Rosecrans, who can and has been swearing like a trooper all morning, says mildly: “Mind your language, General. The next bullet may send you to eternity.”
Sheridan looks away. “I can’t help it,” he says gruffly. “Unless I swear like hell, the men won’t take me seriously.”
Watching Sheridan blink back tears, Garesché suddenly understands this man who has always been a puzzle to him. My God, he thinks, Sheridan loves those men, swears so terribly because he can barely stand to see them suffer.
Private Sam Watkins of the 1st Tennessee is a veteran of Shiloh, Corinth, Perryville, and a dozen smaller fights. But he has never seen anything like the carnage in the cedars. The Yankee dead lie on all sides, strewn across the rocks and lying in heaps on the forest floor. He cannot even begin to count them, counts instead the dead battery horses. At eighty, he quits, starts for the rear to have his arm tended.
He passes the body of a dead Yankee colonel, shot several times in the chest. He is a large, handsome man with a curly black beard and the finest uniform Watkins has ever seen. The boots attract Watkins in particular— knee-high black boots, polished to a mirror finish. They would not, Watkins supposes, be very good for marching in, but he can certainly trade them for something better than his own sad brogans. He kneels, lifts one of the colonel’s feet and tries to work the boot free with his uninjured arm. He feels an odd tickling at the nape of his neck, turns quickly, and then jumps back with a cry. The colonel is staring at him, blue eyes hard. And dead. Watkins nudges the body. “Colonel?” No, the man is dead, unbreathing. Still, Watkins edges backward a dozen paces before turning away from the body of Colonel George Roberts.
Private Joe Zein of the 1st Louisiana Regulars has fought all morning, first with one regiment and then with another. He needs no orders, simply goes where the fighting is hottest and kills every Yankee he can find. He cannot recall ever having a grander day: a day filled with everything a man could want. Or nearly.
When he returns to his company, he has half a dozen Yankee haversacks thrown over a shoulder. He swings them off, tosses them in a mound in the middle of his friends. And aren’t they his friends? Why, certainly.
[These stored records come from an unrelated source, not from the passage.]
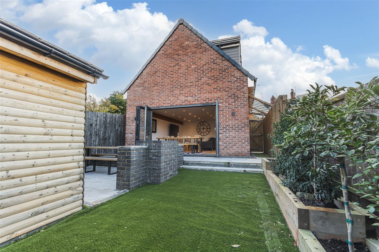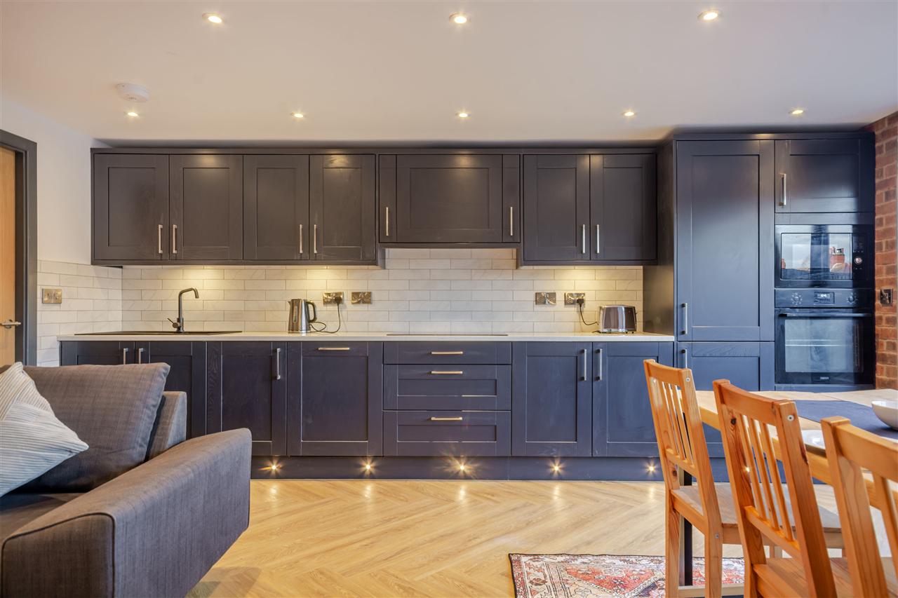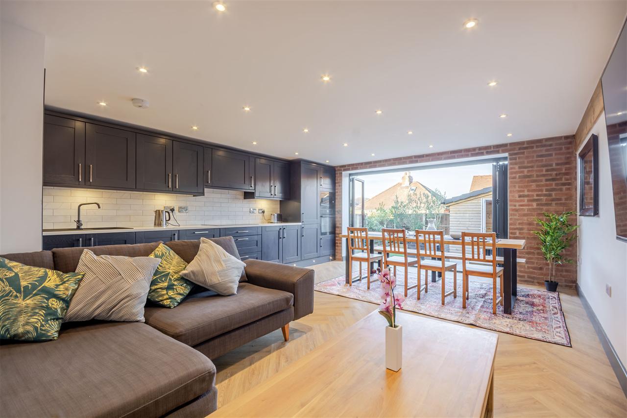 The property is entered via a welcoming hallway featuring quality timber joinery and a bespoke staircase. The ground floor features a stunning open-plan living kitchen, designed to maximise space and natural light. The kitchen is fitted with a comprehensive range of modern units, integrated appliances and quality work surfaces, flowing seamlessly into the dining and living area. Full-width bi-fold doors open directly onto the rear garden, along with a versatile third bedroom, a separate shower room and a separate utility cupboard. Karndean flooring with underfloor heating runs throughout the ground floor accommodation. The first floor provides two generous double bedrooms, both benefiting from their own en-suites. Architectural features including vaulted ceilings, skylights and exposed brickwork add individuality and character.
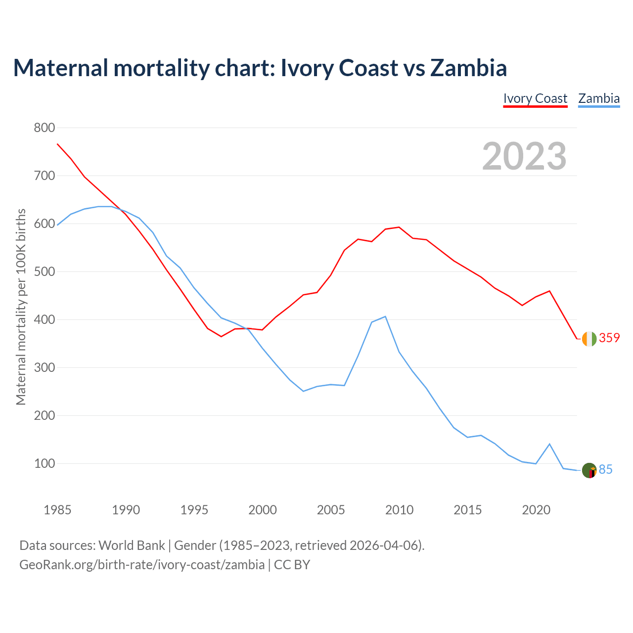 The maternal mortality rate, which is the probability of dying during childbirth or within 42 days of pregnancy termination, is 359 deaths per 100,000 live births in Ivory Coast, compared to 85 deaths in Zambia.
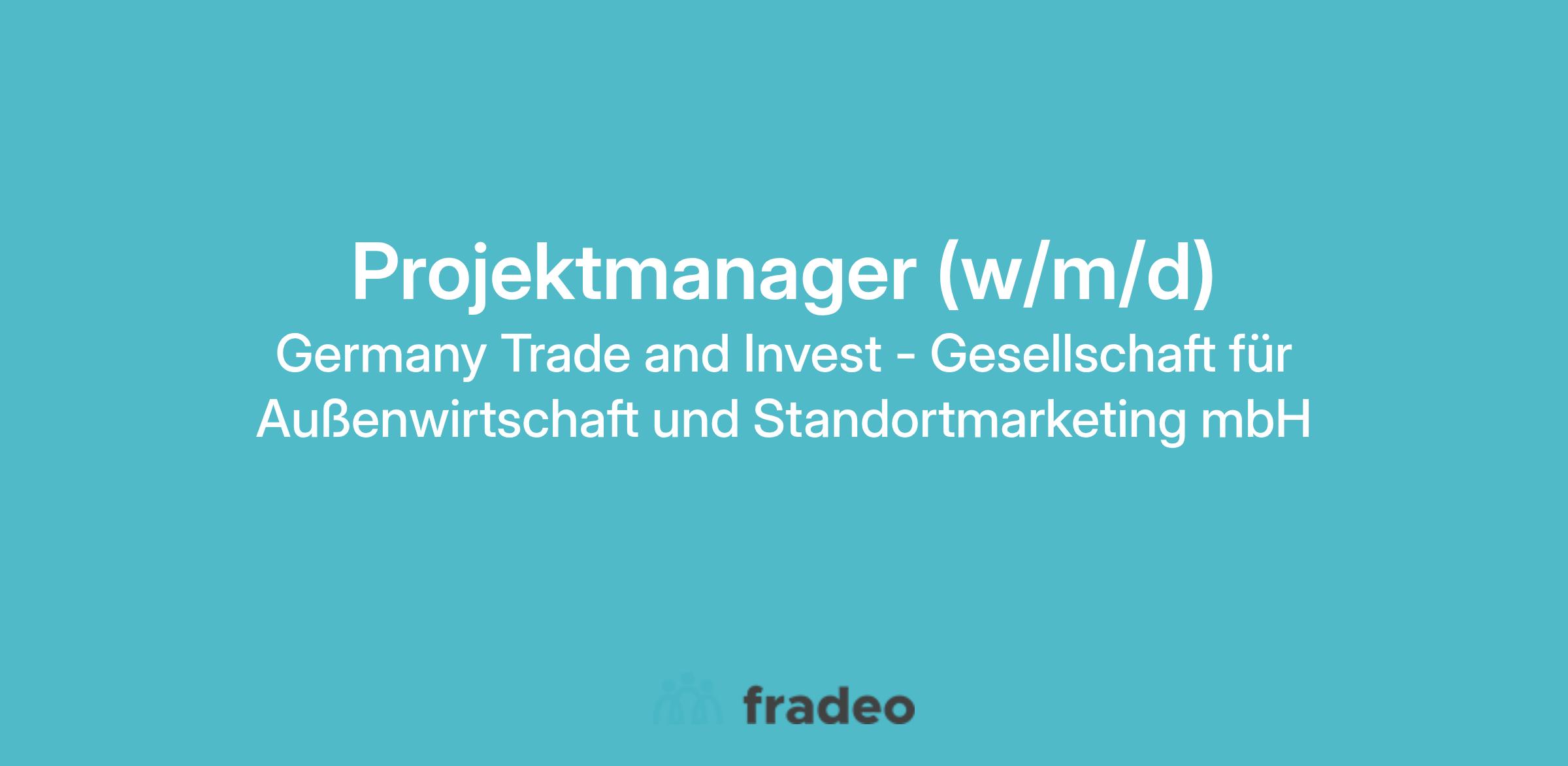 Wir sind Germany Trade & Invest (GTAI) – die Außenwirtschaftsagentur der Bundesrepublik Deutschland. Wir informieren den deutschen Mittelstand über Chancen und Risiken in Auslandsmärkten und beraten ausländische Unternehmen bei der Ansiedlung in Deutschland. Darüber hinaus werben wir für die Standortvorteile Deutschlands im Ausland und unterstützen die Internationalisierung der Wirtschaft in den neuen Bundesländern sowie vom Strukturwandel betroffenen Regionen. Sie suchen eine neue berufliche Herausforderung? Bei uns haben Sie die Möglichkeit, unsere Teams im Bereich der Außenwirtschaftsförderung in einem internationalen Rahmen zu unterstützen. Ob Exportförderung, Investorenanwerbung oder Standortmarketing: Fördern Sie gemeinsam mit uns den Wirtschaftsstandort Deutschland und setzen sich mit uns für die Schaffung und Erhaltung von Arbeitsplätzen ein. Für die Geschäftsstelle Wirtschaftsnetzwerk Afrika an unserem Bonner Standort oder Berliner Standort suchen wir ab sofort im Rahmen eines bis zum 31.12.2027 befristeten Arbeitsverhältnisses einen Projektmanager (w/m/d) in Vollzeit mit 39 Stunden.
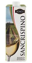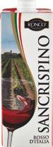 la mia cantina i liquori MONCARO Passerina Marche IGT Frizzante cl 75 €2,89 al litro € 3,85 NESPOLINO Vino Rosso IGT cl 75 €2,99 al litro € 3,99 GALASSI Romagna DOC Pagadebit Vino Frizzante cl 75 €3,29 al litro € 4,39 ROVÈ Sangiovese/ Trebbiano DOC cl 75 €1,98 al litro € 2,64 MONCARO Verdicchio dei Castelli di Jesi DOC Classico cl 75 €2,99 al litro € 3,99 NESPOLINO Vino Bianco IGT cl 75 €2,99 al litro € 3,99 FATASCIÀ Chardonnay/ Zibibbo IGT cl 75 €4,59 al litro € 6,12 RIGHI Pignoletto Reno Frizzante DOC cl 75 €2,79 al litro € 3,72 FRESCHELLO Spumante Extra Dry cl 75 €2,39 al litro € 3,19 BORGO PALAZZI Prosecco Extra Dry Treviso DOC cl 75 €4,49 al litro € 5,99 NOTTE ROSSA Primitivo del Salento IGP cl 75 €3,99 al litro € 5,32 BANFI Chianti DOCG cl 75 €4,85 al litro € 6,47 SBUROUN Sangiovese Superiore Romagna DOC cl 75 €4,95 al litro € 6,60 FEUDO MONACI Negroamaro Salento IGT cl 75 €4,59 al litro € 6,12 SANTA BARBARA Rosso Piceno DOC cl 75 €3,88 al litro € 5,17 LA GIOIOSA Aperitivo Spritzzoso cl 75 €3,59 al litro € 4,79 BORGHETTI Liquore di Vero Ca è Espresso cl 70 €9,40 al litro € 13,43 BONAVENTURA MASCHIO La Grappa 903 Barrique cl 35 €8,90 al litro € 25,43
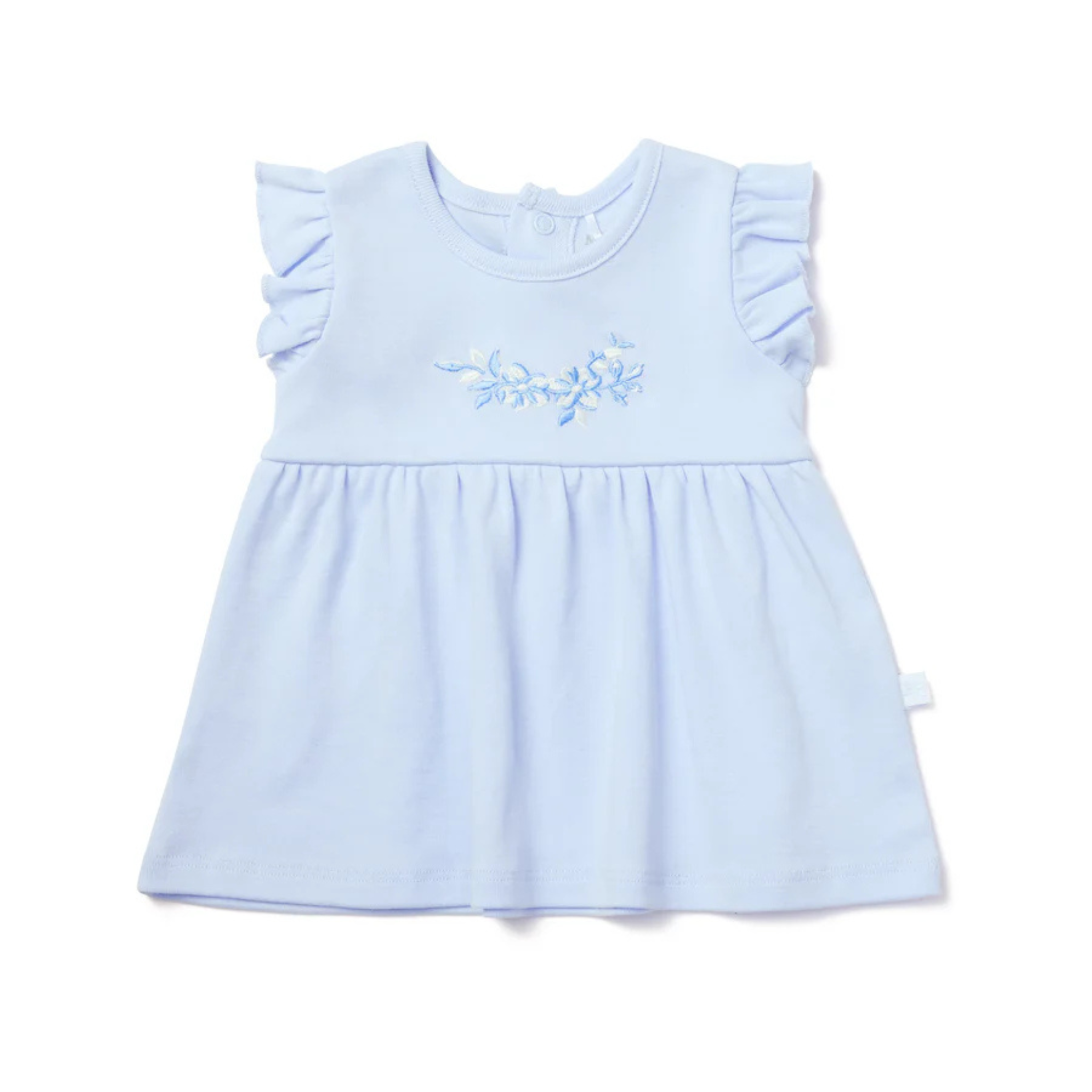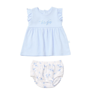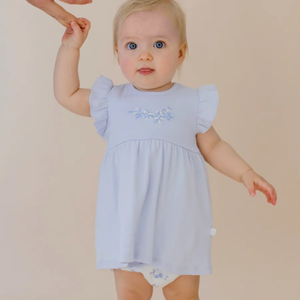 The Seascape Floral Dress & Bloomer Set is a timeless outfit made for special moments and sunny day adventures. The light blue dress is embroidered with delicate blooms, perfectly complemented by white bloomers covered in dainty floral print. Made from 100% cotton for gentle, all-day comfort.
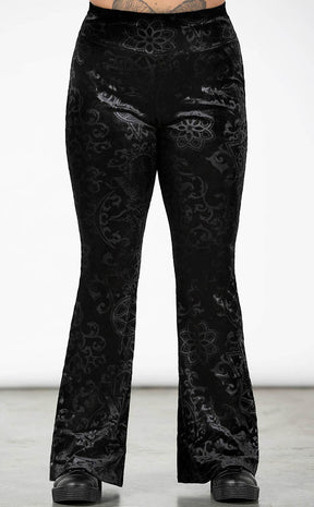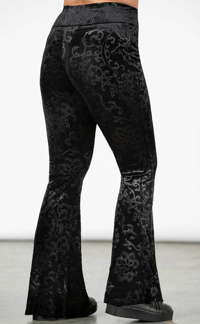 Relax in eternal darkness with the Chill Daze Yoga pants! The best accessory for chilling around your crypt, these pants were made with soft-touch burnout velvet forming into a figure-hugging fit with super flared legs. The wide waistband stretches for a comfortable fit and secures with a drawstring.
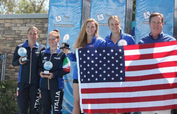 Parte con il botto italiano, anche se atteso in qualche modo, la seconda e ultima giornata di finali a Mission Viejo, California, Stati Uniti, per la terza tappa del FINA diving Grand Prix 2019. Elena Bertocchi, già argento ieri nel singolo da 3 metri (primo podio internazionale tra le senior in questa gara, olimpica, per la milanese) e Chiara Pellacani, 16 anni, romana, protagonista di un vero tour de force tra trampolino e piattaforma nel weekend (ma sempre al top), con una performance solida e convincente si piazzano al terzo posto dietro le coppie americane (prime e seconde) che mandano in visibilio il pubblico del Marguerite Acquatic Complex Centre. Un bronzo che in realtà vale l’argento, per le azzurre, in quanto la seconda squadra USA ha gareggiato senza ‘fare classifica’ come il regolamento impone, visto che a livello internazionale solo un team per Nazione può essere presente sul trampolino o sulla piattaforma nelle gare synchro.
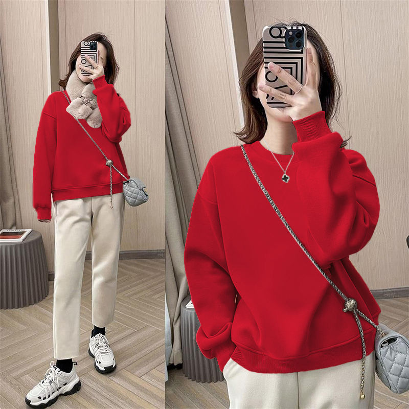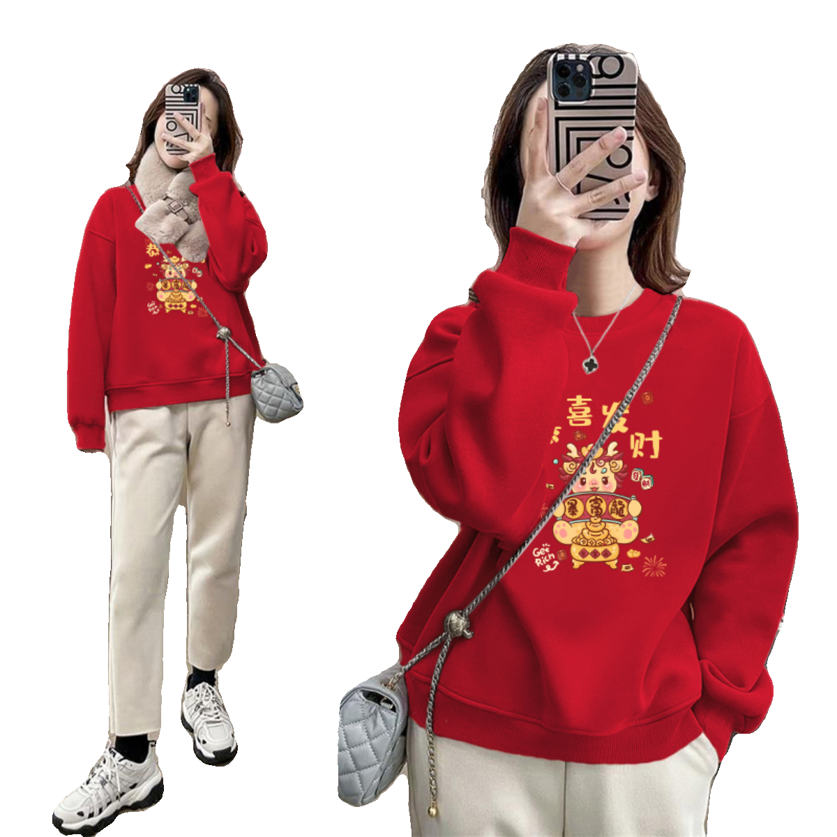 恭喜发财加绒加厚本命年卫衣女高级感时尚印花宽松纯棉正肩外套潮

He opens one of the haversacks, digs about in it, pulls out a handful of hardtack. He likes hardtack, has strong teeth to crush the iron-hard crackers. He notes that several of them are stained with Yankee blood. Other men have found the same. But they are desperately hungry, break off the soiled pieces and chew the rest. Zein grins, bites off a soaked, red corner, chews with utter satisfaction. Other men see, protest. Zein goes on chewing, showing for everyone his strong, white teeth turning the hardtack to a blood-tinged paste.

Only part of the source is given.